Pandey Ashutosh, Wang DeLiang
Department of Computer Science and Engineering, The Ohio State University, Columbus, OH 43210 USA.
Department of Computer Science and Engineering and the Center for Cognitive and Brain Sciences, The Ohio State University, Columbus, OH 43210 USA.
IEEE/ACM Trans Audio Speech Lang Process. 2020;28:2489-2499. doi: 10.1109/taslp.2020.3016487. Epub 2020 Aug 14.

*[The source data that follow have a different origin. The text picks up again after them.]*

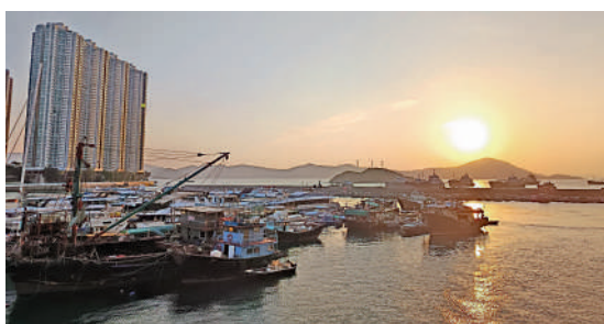
▲海濱新公園可供市民遊客欣賞日落海景。

動下，環境及生態局和漁農自然護理署正與魚類統營處和其他相關政府部門，研究於魚市場一帶加設新餐飲大樓的可行性，預期提供餐飲、零售及漁產品加工設施等。待有關研究完成後，當局會適時檢視推展安排。
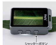
シャッターボタン

・DCIMAフォルダにPICA****.jpgという画像ファイルが、撮影することによって連番で生成されます。
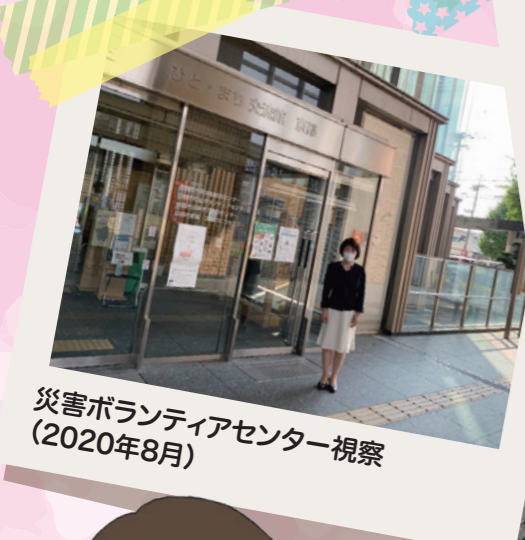
災害ボランティアセンター視察 (2020年8月)
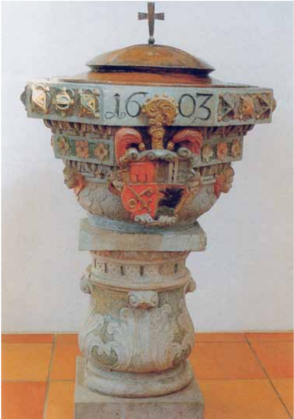
Taf. 1 Taufstein in der Pfarrkirche Reutlingendorf, 1603. Abbildung: 1200 Jahre Reutlingendorf (wie Anm. 34), nach S. 223.
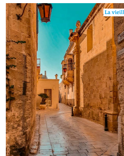
La vieille ville de Mdina.
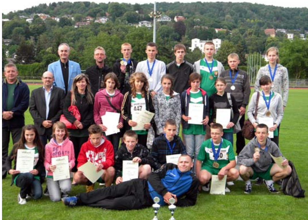
Dumni i szczęśliwi „srebrni lekkoatleci” z powiatu lubelskiego.

We wtorek, korzystając z wszelkich udogodnień spor-
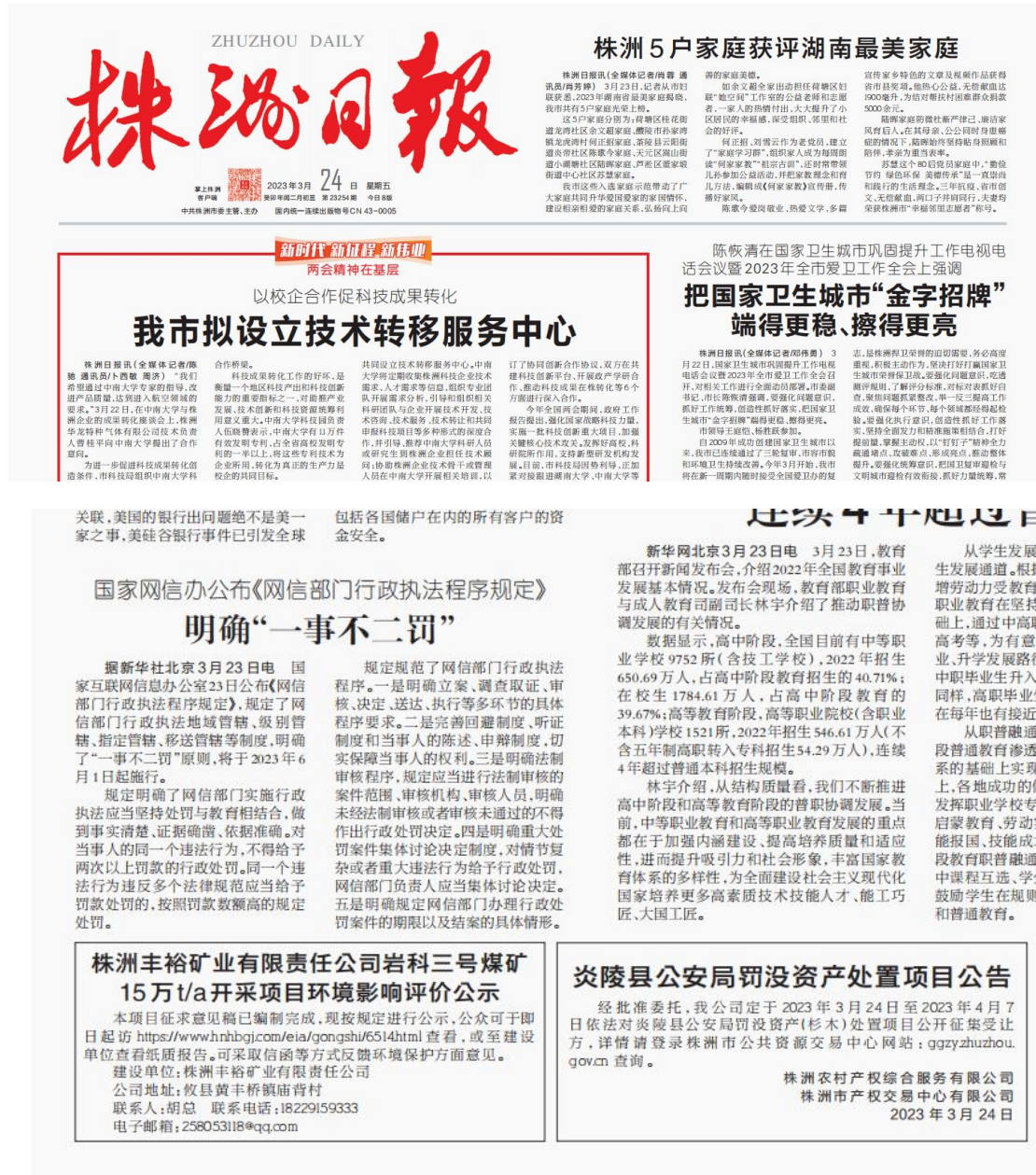
图 3 株洲日报第一次报纸公示照片

本公司于 2023 年 3 月 24 日和 2022 年 3 月 27 日通过报纸公示的方式进行两次了本工程环境影响报告书征求意见稿公示，公示报纸为株洲日报 2023 年 3 月 24 日第 23254 期和 2022 年 3 月 27 日第 23257 期，公示的报纸是项目所在地发行量较大、公众易于接触到的报纸，且在征求意见的 10 个工作日内登报公示了 2 次，符合《环境影响评价公众参与办法》的要求。
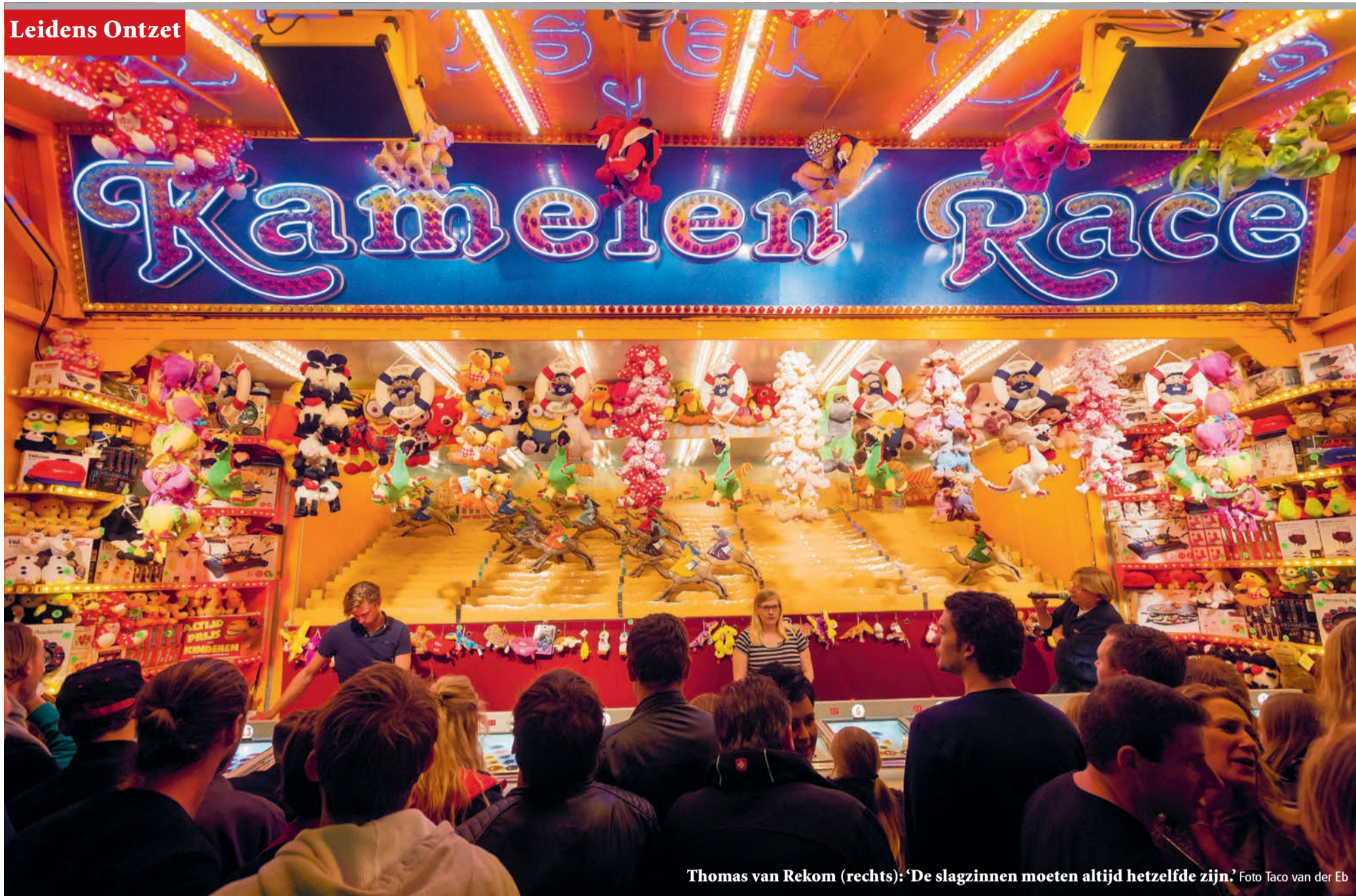
Thomas van Rekom (rechts): 'De slagzinnen moeten altijd hetzelfde zijn.'
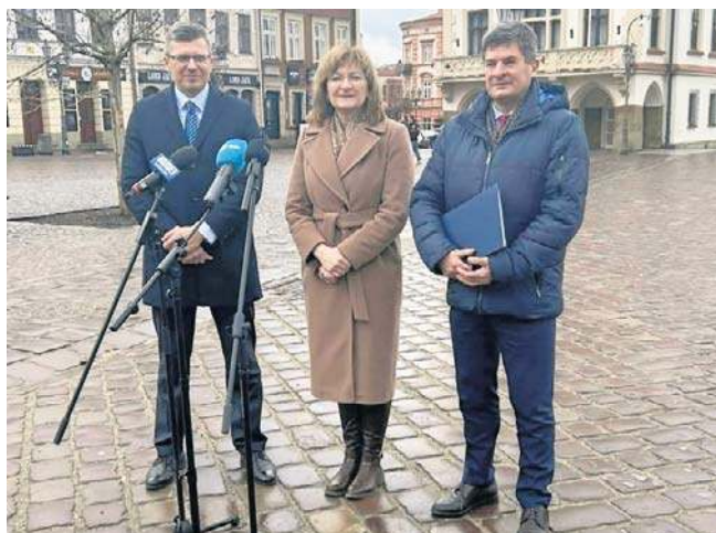
Posłowie i radny PiS mówią „nie” dla likwidacji Rzeszowskiego Bonu Żłobkowego

Według danych z ratusza z bonu żłobkowego korzysta 528 dzieci. ©
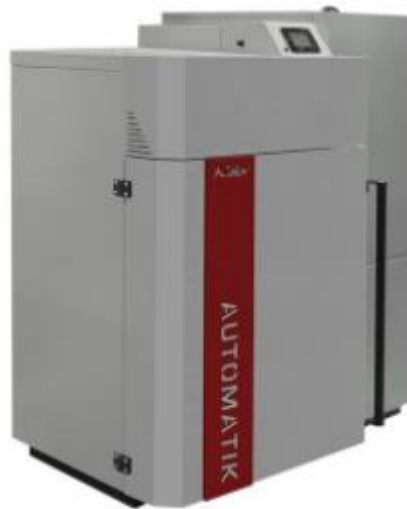
Obrázek 7 Kotel na biomasu/peletky [4]

Stejně jak u plynového kotle, kotel na dřevěné peletky spaluje topný materiál a předává vzniklé teplo do topné vody, která je následně rozvedena po objektu nebo do zásobníků teplé vod. Ke kotli na biomasu je vhodné instalovat akumulční zásobník tepla a to z důvodu, že tento kotel nedokáže spínat podle potřeby.
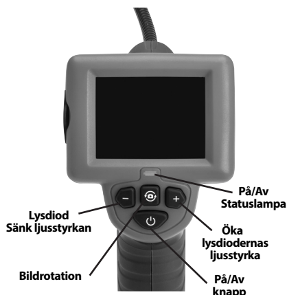
Figur 2 – Reglage
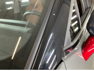
Tavan, Ön cam direği, sol > Taş Izi
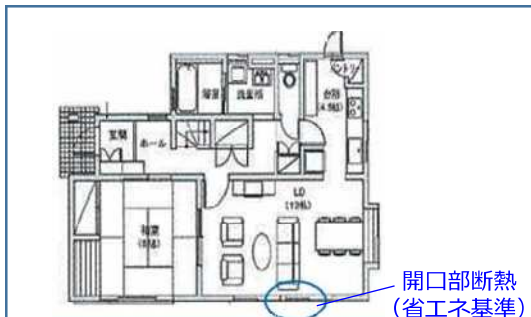
住宅の一部の断熱改修イメージ図 (①-イの基準に適合)

太陽光発電設備、太陽熱利用設備、高断熱浴槽、高効率給湯機、またはコージェネレーション設備の いずれかの 設備を設置する工事
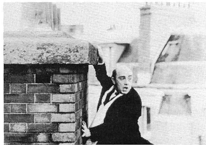
... das man nicht verstehen oder lieben kann,
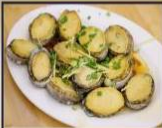
เป๋าฮื้อสดนึ่ง
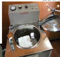
- ینگ่าเชื้อในหม้อนึ่งความดัน
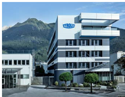
Siège social de TYROLIT à Schwaz, Autriche

Cette entreprise familiale, dont le siège social se situe à Schwaz (Autriche), combine les forces du Groupe Swarovski dynamique dont il fait partie à une expérience d'entreprise individuelle et technologique longue d'un siècle.
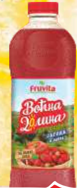
SOK VOĆNA DOLINA 1,5L JAGODA I JABUKA
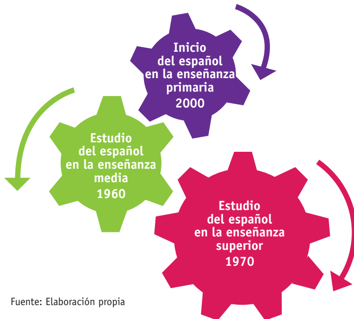
Esquema 2. Estudio del español en Gabón

Hasta ahora, cada bloque de enseñanza parece seguir su trayectoria, como veremos a continuación en las diferentes descripciones.
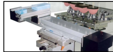
- Fijación de lanzadera digital.
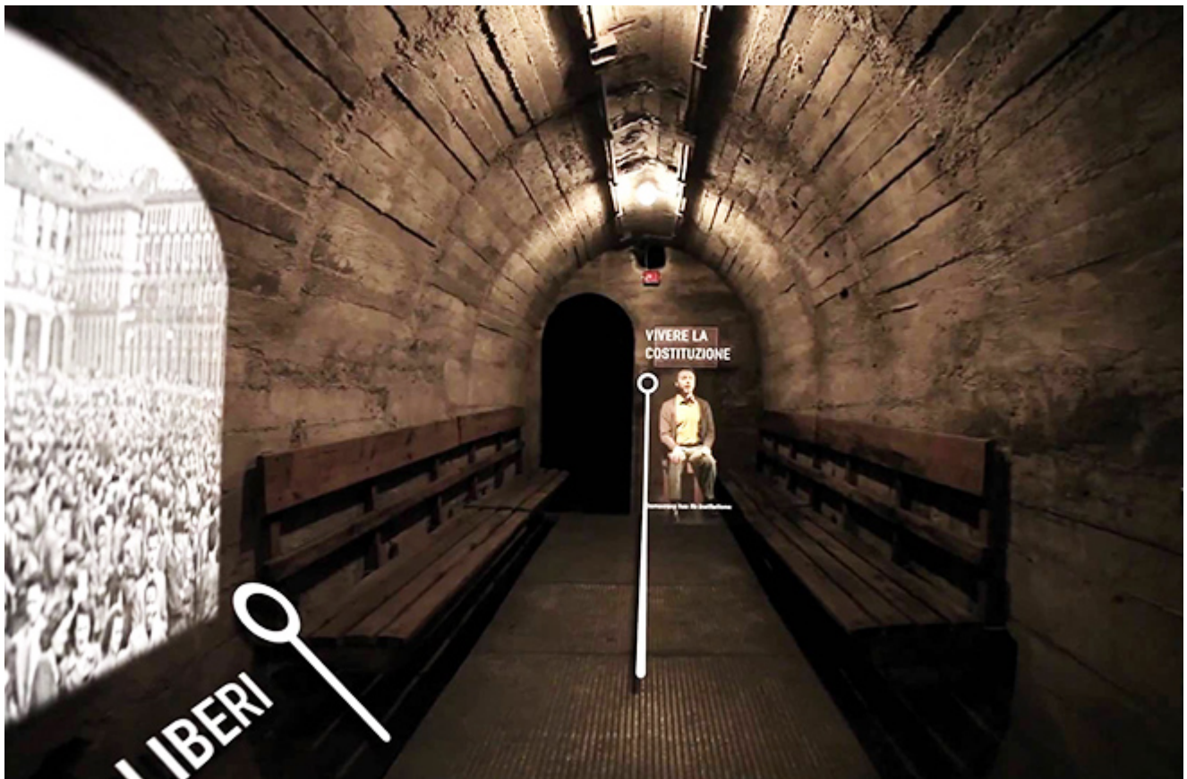
Foto 9. Museo diffuso della Resistenza
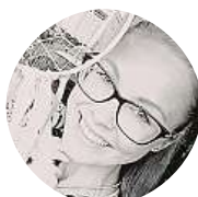
Alča Zvesmiruspadla Vyhazují zbytky po dětech ze země a talířů.
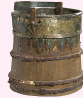
EMMER VAN HOUT MET VERSTERD BRONSBSLAG Rhenen, 550-600 n.Chr.
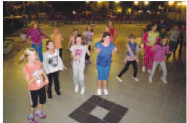
Deklice na plesnem večeru
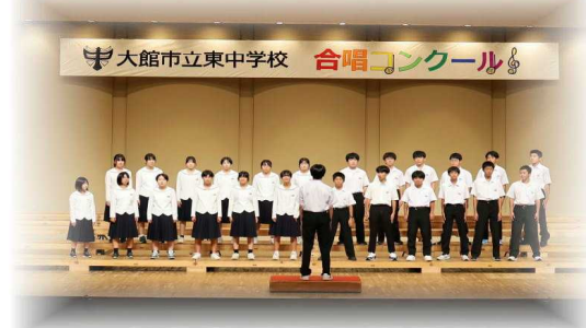
2年生最優秀賞A組「ふるさと」
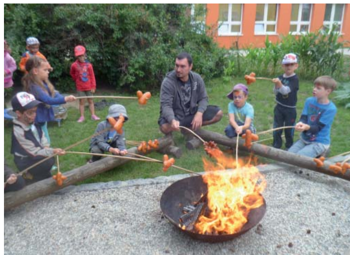
TEST PRO DOSPĚLÉ A JEJICH DĚTI. Jak ukázal projekt Montessori Olomouc, spokojení rodiče měli větší zájem trávit s dětmi volný čas. Do mimoškolních aktivit se s chutí zapojili i tatínci.

ňoval rodičům dostat se do práce na 7 hodin, odjet na pracovní cestu a podobně. Rodiče tuto příležitost
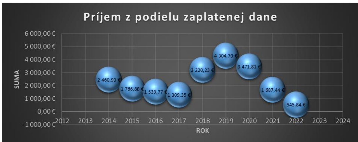
Príjem z podielu zaplatenej dane za posledné roky.

545,84 EUR, z roku 2021 nám ostala suma z 2% dane ešte 1 687,44 EUR, z ktorej sa použila časť v hodnote 1 687,44 EUR na podporu a rozvoj športu, vzdelávania a projektovej činnosti, časť sa presunula do školských zariadení, a to do SZUŠ Quo vadis v hodnote 400 EUR a do SCVČ Quo vadis v hodnote 400 EUR na vzdelávací proces. Zvyšná nespotrebovaná časť z 2% dane v hodnote 545,84 EUR bola presunutá do roku 2023. V roku 2022 sme pokračovali v realizácii projektu pod názvom „Zlepšovanie študijných výsledkov a kompetencií žiakov v Špeciálnej základnej škole vo Zvolene,“ ktorý je podporený MŠVVaŠ SR v celkovej sume 152 000 EUR. Tento projekt z dôvodu nepriaznivej epidemiologickej situácie na území SR bol pozastavený, ale od 06/2021 došlo k jeho znovuspusteniu. V roku 2022 sme vyčerpali, len časť tejto dotácie, a to v hodnote 57 331,68 EUR. Do roku 2023 sme presunuli nespotrebovanú časť dotácie v hodnote 18 405,78 EUR. Občianske združenie sa v roku 2021 a 2022 tiež zapojilo, ako partner do projektu pod názvom „ROMA LGBT,“ realizácia tohto projektu sa začala, len na konci roka 2020 a projekt bol ukončený v roku 2022. V roku 2022 sme získali podporu dvoch projektov - jeden pod názvom „Nádej v komunite“ podporený ÚV SR a projekt „Digitálne vzdelávanie pre každého“ podporeného KULT MINOR.
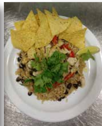
Premier repas servi à la cafétéria de l'ÉSC Nouvelle-Alliance 18 septembre 2017

10 apprentis cuisiniers ont mis la main à la pâte pour créer plusieurs plats délicieux. Les jeunes ont eu la chance d'aller visiter la ferme Moodance Organic Gardens à Angus, où ils ont travaillé dans la serre et ont fait la récolte d'oeufs dans le poulailler pour préparer la frittata du dîner. Pour célébrer leurs apprentissages, les jeunes ont accueilli parents et amis et ont cuisiné un repas pour 50 personnes! Une semaine inoubliable!
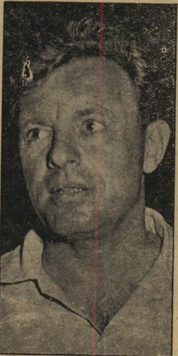
מנהיג-משרד, טרוי קוק

* יגאל אלון אמר: "כשחיילי גיעו לירדן ואני אשב בשכס, אז נחליט מה יהיה גורל האזור הערבי." יערי תבע, לעומת זאת, שצה"ל יכבוש את המשולש כדי להקים בו מדינה ערבית שתחיה קסורה מבחינה כלכלית עם מדינת ישראל. ** יערי אמר, בישיבת מרכז מפ"ם: "לא מספיק שמצביא יהיה איסטראטג גדול. דרוש שיחיה לו גם שכל."

In recent years, supervised approaches using deep neural networks (DNNs) have become the mainstream for speech enhancement. It has been established that DNNs generalize well to untrained noises and speakers if trained using a large number of noises and speakers. However, we find that DNNs fail to generalize to new speech corpora in low signal-to-noise ratio (SNR) conditions. In this work, we establish that the lack of generalization is mainly due to the channel mismatch, i.e. different recording conditions between the trained and untrained corpus. Additionally, we observe that traditional channel normalization techniques are not effective in improving cross-corpus generalization. Further, we evaluate publicly available datasets that are promising for generalization. We find one particular corpus to be significantly better than others. Finally, we find that using a smaller frame shift in short-time processing of speech can significantly improve cross-corpus generalization. The proposed techniques to address cross-corpus generalization include channel normalization, better training corpus, and smaller frame shift in short-time Fourier transform (STFT). These techniques together improve the objective intelligibility and quality scores on untrained corpora significantly.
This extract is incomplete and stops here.